# Debian Script ab einem bestimmten Abschnitt weitermachen



## schlawiner (22. September 2010)

Hallo Freunde,

Ich versuche gerade mit eine if then Anweisung einen Sprung hinzulegen.

nach dem motto passt das dann übersringe alle und springe zu punkt 2

sprich mein startscript soll aus den gameserver parametern $* erlesen was für ein game das ist und an die dafür vorgesehene stelle im script springen und da weitermachen. jemand eine Idee?

nehmen wir z.b
./css_run -game cstrike +map gsmap -maxplayers gsplayer -ip gsip -port gsport +exec fastdl.cfg gsport +sv_password gspasswd -tickrate gstick +fps_max 500 set tv_maxclients 10

da könnte man cstrike als Merkmal aus den startparametern nehmen.


----------



## Ronox (23. September 2010)

Hi, ich hoffe du meinst:



> #!/bin/sh
> 
> 
> if [ $1 = css ]
> ...



Das Script nennst du dann so wie du willst 
Erweiterst es nach belieben. 
mit 


> chmod u+x $scriptname


kannst du dann das Script ausführbar machen.
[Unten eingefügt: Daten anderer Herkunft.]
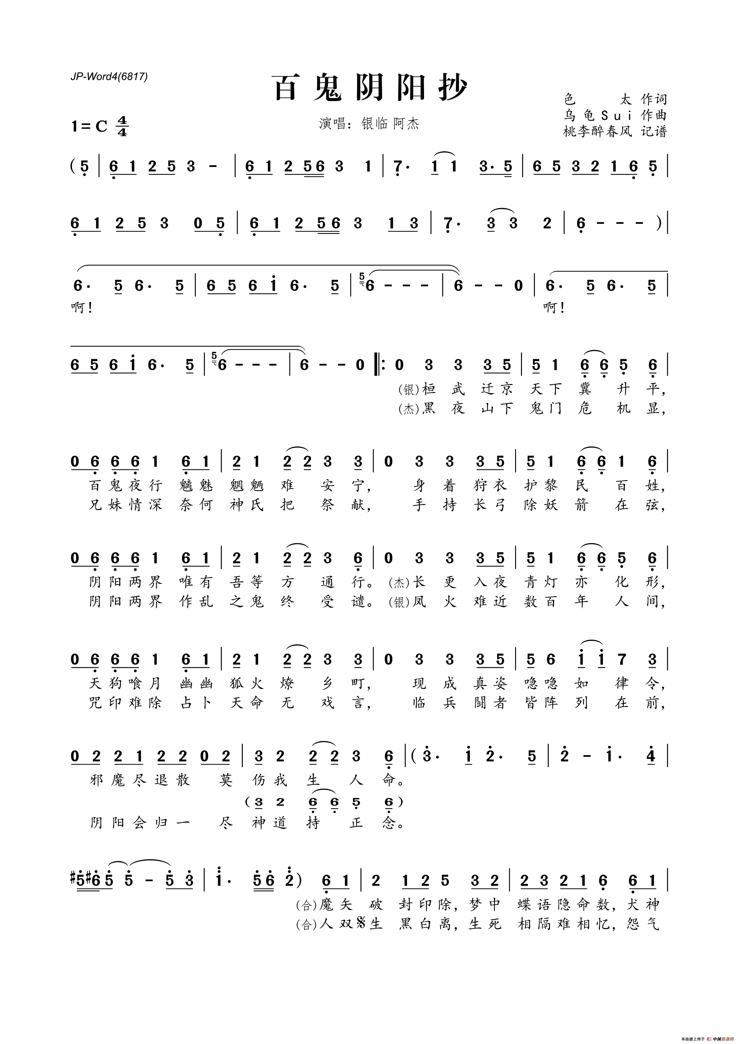 《百鬼阴阳抄》文本歌词
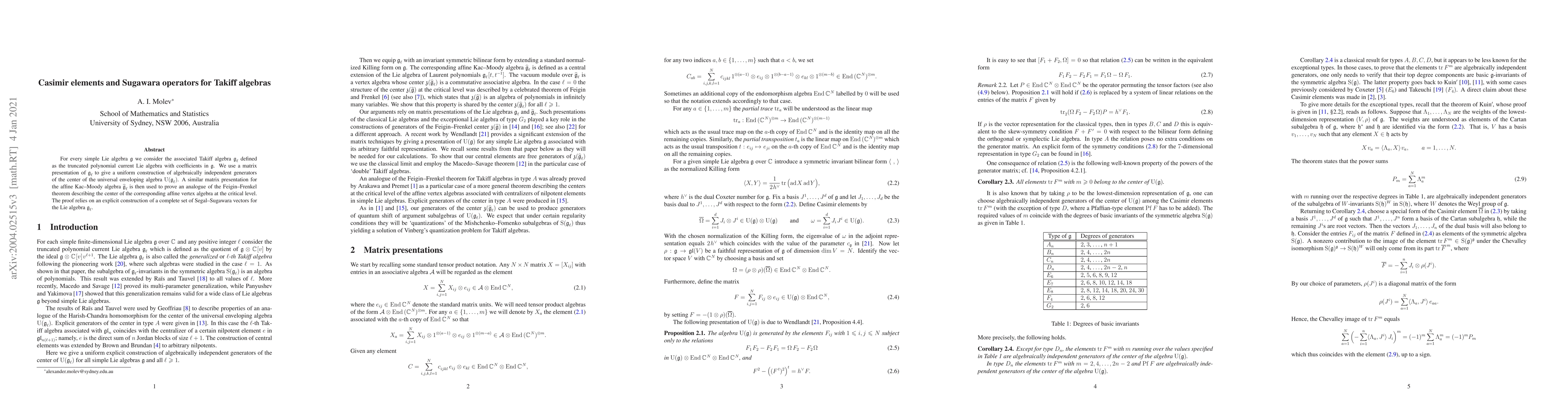 This paper constructs algebraically independent generators for the center of the universal enveloping algebra of Takiff algebras using matrix presentations. It also proves an analogue of the Feigin--Frenkel theorem for affine vertex algebras by constructing a complete set of Segal--Sugawara vectors for the associated Lie algebra.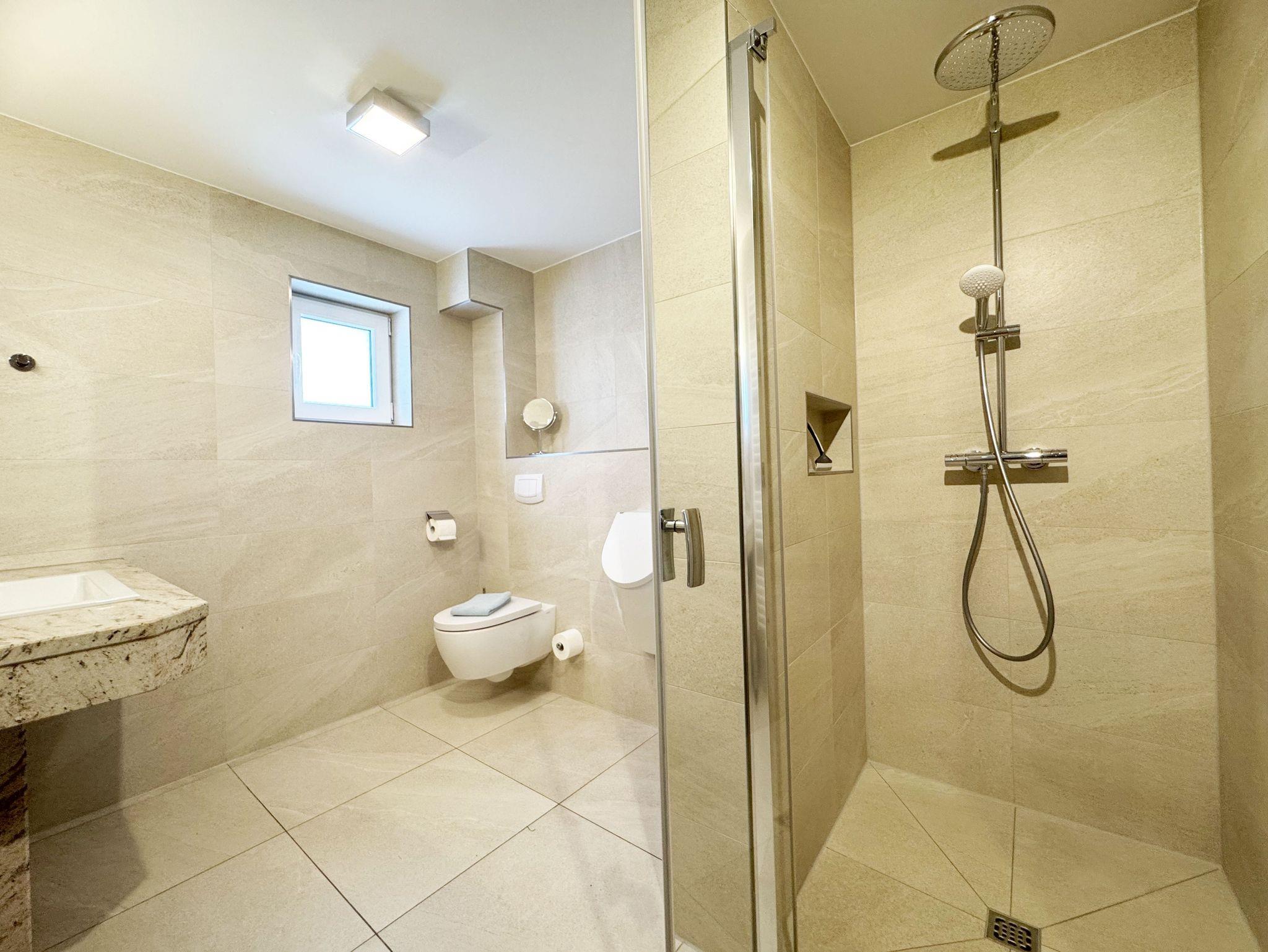 Die hier angebotene Nichtraucherwohnung mit 55 m² für 2 bis 4 Personen, befindet sich in einem Doppelhaus. Die Wohnung verfügt im Erdgeschoss über einen Eingangsbereich, ein luxuriöses Bad mit Granitwaschtisch, Echtglasdusche, Handtuchheizkörper, Fön und Fußbodenheizung sowie ein Schlafzimmer mit Doppelbett in der Größe 180 x 200 cm. Die Matratzen haben einen Härtegrad von 2 und 3. Die Möbel sind cremefarbig. Verdunklungsvorhänge in Sand- und Blautönen runden das Bild ab. Ein Einzelbett (0,90m x 2,00m) befindet sich zusätzlich im Schlafzimmer. Das Erdgeschoss ist mit hochwertigen italienischen Lake-Stone-Fliesen ausgestattet. Über eine massive Eichenholztreppe gelangt man in die obere Etage. Hier erwartet Sie der gemütliche Wohnbereich (ca. 25m²) mit Eichen-Parkettfußboden, einer offenen, modernen Küche mit Cerankochfeld, Backofen, Geschirrspülmaschine und einem Kühlschrank mit Gefrierfach. Die Küchenausstattung enthält an Kleinelektrogeräten einen Toaster, eine Kaffeemaschine, einen Handmixer sowie einen Wasser- und Eierkocher. Komfortable blau/beige Polstermöbel mit einer ausziehbaren Schlafcouch (1,60m x 2,00m), einem Esstisch aus massiver, geölter Wildeiche, Edelstahl-Schwingstühlen mit Lederbezügen in der Farbe mocca, Flachbildfernseher und Mini-Stereoanlage sowie WLAN (inklusive) runden das Bild ab. Große Giebelfenster ausgestattet mit Insektenschutz und Plissees, erlauben einen wunderbaren Blick auf die Ostsee. Eine original finnische Sauna mit moderner Dusche und Ruheliegen steht allen Gästen gegen Gebühr zur Verfügung. Die Parkplätze und ein überdachter Fahrradunterstand stehen kostenlos zur Verfügung. Ein ca. 3.000 qm großes Rasengrundstück, nahe am Haus und unmittelbar vor der Ostseeküste gelegen, steht zur Urlaubsgestaltung mit Strandkorb und bequemer Sonnenliege zur Verfügung. Ebenfalls kann ein Kinderspielplatz und ein mit bequemen Sitzgelegenheiten ausgestatteter Grillplatz genutzt werden. Für unsere kleinen Gäste steht 1x Kinderreisebett (ohne Zusatzmatratze, ohne Bettinlett) und 1x Hochstuhl inklusive bereit. Haustiere sind nicht erlaubt. Die Erstausstattung eines Wäschepaketes (komplette Bettwäsche, 1 Duschhandtuch, 2 kleine Handtücher, 2 Geschirrhandtücher) können Sie bis 14 Tage vor Anreise gegen einen Aufpreis dazu buchen oder durch eigene ergänzen.
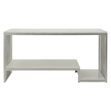 Tavolo da caffè Kayseri, struttura moderna in metallo silver con doppio piano effetto marmo. Elegante e versa...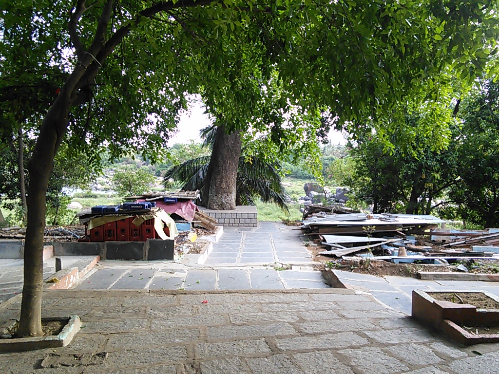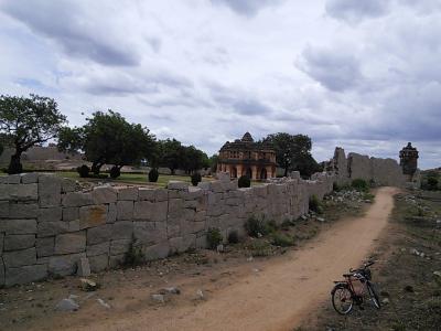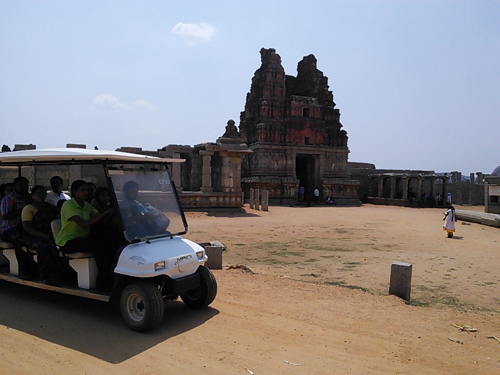 ハンピバザールからなら景色もいいし十分歩ける距離だと思いますが炎天下の下だと結構辛いです。帰りは歩きたくないなという時には寺院の前から約1km東の駐車場まで電気カートが往復しています。(片道10Rs)。そこには他の客にチャーターされたリクシャーが何台か待機しています。交渉次第ではハンピバザールまで行ってくれます。(ちなみに200Rsと言われました。値引き交渉はしてません。)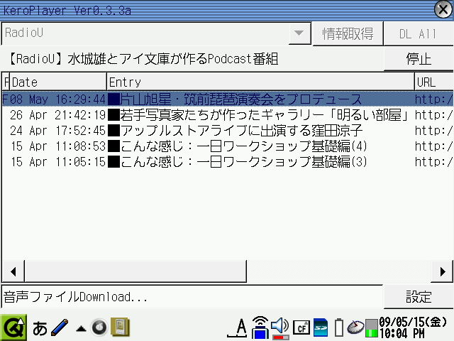 さっそく、ケロプレイヤーで、i文庫のRadioUをダウンロード。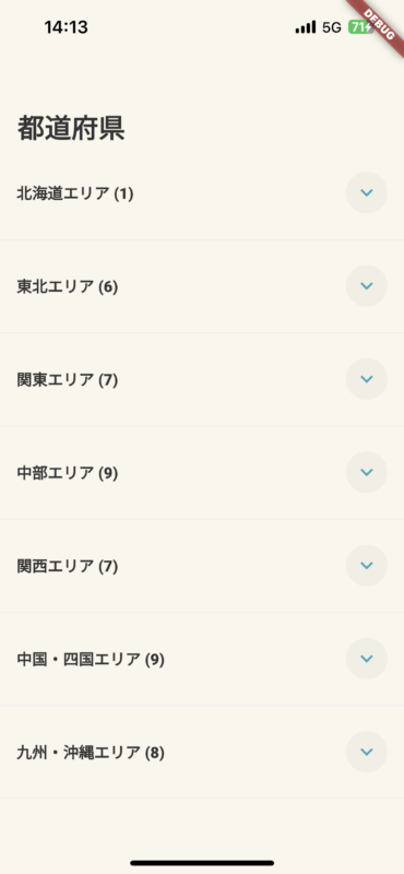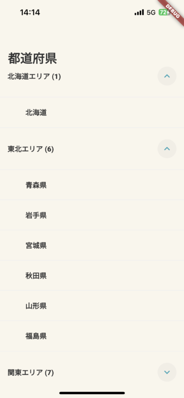 WidgetのareaCard内では今回のmainであるアコーディオンを実装しています。アコーディオンの実装にはexpansionTileを用いて実装しています。 expansionTile内のchildrenではエリアの中にある都道府県がprefecturesにリストで作成されているため配列mapを用いてprefectureがある間_listItemを表示するよう処理しています。 trailingにAnimatedRotationを用いてタイルを開いた時に動きを実装していますが、デフォルトで指定されているため特に色やicon、動きの変更がなければデフォルトでの実装をすることも可能です。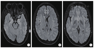 患者女性,18岁,右利手,学生。以"发热1周,意识不清8 h"于2020年1月29日入院。患者1周前开始出现发热,最高体温38.0 ℃左右,口服退热药物后体温正常,但一直精神萎靡、倦怠,不愿与他人交流。入院前8 h左右患者再次出现发热,最高体温37.3 ℃,伴恶心、无呕吐,呼之反应差,不语,不配合语言指令,上述症状持续不缓解;无肢体麻木无力,无复视,无饮水呛咳,无听力下降,无肢体抽搐等不适,遂来本院就诊。入院查体:体温37.6 ℃,脉搏60次/min,呼吸频率18次/min,血压99/51 mmHg(1 mmHg=0.133 kPa);意识模糊,精神差,不能言语,双侧瞳孔等大等圆(直径3.0 mm),对光反射存在,双眼球各方向运动不配合;双侧鼻唇沟对称,伸舌居中,颈软;四肢肌力、肌张力正常,感觉、共济查体欠合作,双侧巴宾斯基征阴性,脑膜刺激征阴性。入院时颅脑CT平扫未见明显异常。入院当天给予完善相关血常规、红细胞沉降率(血沉)、血生化、凝血常规等检查,并进行腰椎穿刺检查,结果提示:血常规、C-反应蛋白(C-reactive protein,CRP)、凝血常规、肝肾功能、血脂无明显异常;血沉28 mm/1 h(正常参考值为0~20 mm/1 h);肌酸激酶(creatine kinase,CK)2 397 U/L(正常参考值为5~200 U/L);乳酸脱氢酶(lactate dehydrogenase,LDH)4.4 μmol·s-1·L-1(正常参考值为1.5~4.0 μmol·s-1·L-1)。脑脊液呈无色透明,压力为224.4 mmH2O(1 mmH2O=0.0098 kPa),脑脊液检查提示:脑脊液常规、生化分析、特定蛋白组合、一般细菌涂片、抗酸杆菌涂片、真菌涂片、墨汁染色均未见明显异常。入院诊断:中枢神经系统感染,病毒性脑炎可能性大。给予阿昔洛韦抗病毒治疗。入院当天夜间,患者突发意识障碍,四肢抽搐,牙关紧闭,口吐白沫,尿失禁,考虑为癫痫全面强直阵挛发作,给予地西泮注射液静脉推注,并加用丙戊酸钠抗癫痫。患者频繁出现癫痫发作,遂转入重症监护病房(intensive care unit,ICU)治疗。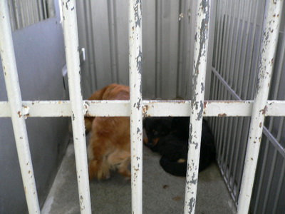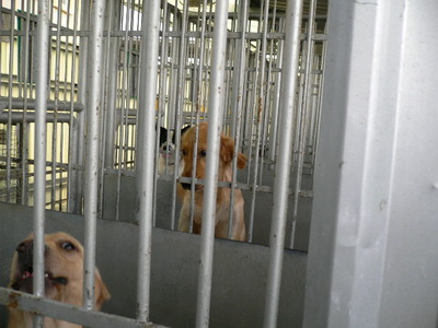 圖四:各地收容所都有一大堆黃金獵犬遭棄養,但蘆洲捕犬班居然利用收容所的設備關了狼犬及黃金獵犬各一對來繁殖。說是要當作「護衛犬」?真相是如此嗎?還是將繁殖下來的小狗廉價賣到夜市或寵物商?種種管理的失序,該如何嚴辦!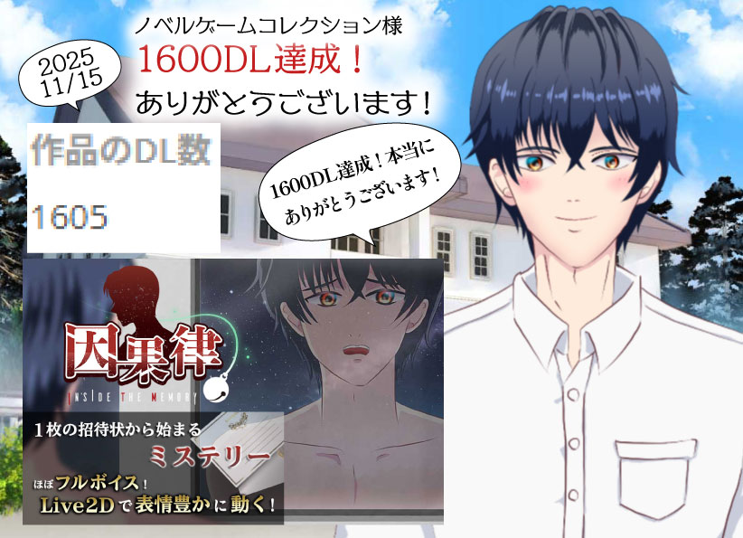 去る2025.11.15、ミステリーノベルゲーム「因果律 Inside The Memory」がノベルゲームコレクション様にて1600DLを達成しました!

und z.B. den CSS Server starten:


> ./$scriptname css



Ich hoffe das Bringt dich weiter.

MFG Ronox


----------



## schlawiner (23. September 2010)

Das script soll irgendwann für alle games dienen welche ich habe

vom Prinzip her soll es das Game erkennen welches gestartet wird

so stelle ich mir das vor

(IF Anweisungen)
#Call Of Duty
wenn cod_lnxded in den parametern gefunden so springe zu Abschnitt 1 und mach da weiter
#Call Of Duty 2
wenn cod2_lnxded in den parametern gefunden so springe zu Abschnitt 2 und mach da weiter
#Call Of Duty 4
wenn cod4_lnxded in den parametern gefunden so springe zu Abschnitt 3 und mach da weiter
#Call Of Duty 5
wenn codwaw_lnxded in den parametern gefunden so springe zu Abschnitt 4 und mach da weiter
#Call Of Duty UO
wenn coduo_lnxded in den parametern gefunden so springe zu Abschnitt 5 und mach da weiter
#Counter Strike Source
wenn "srcds_run -game cstrike" in den parametern gefunden so springe zu Abschnitt 6 und mach da weiter

usw.

gestartet soll das script dan später so werden z.b.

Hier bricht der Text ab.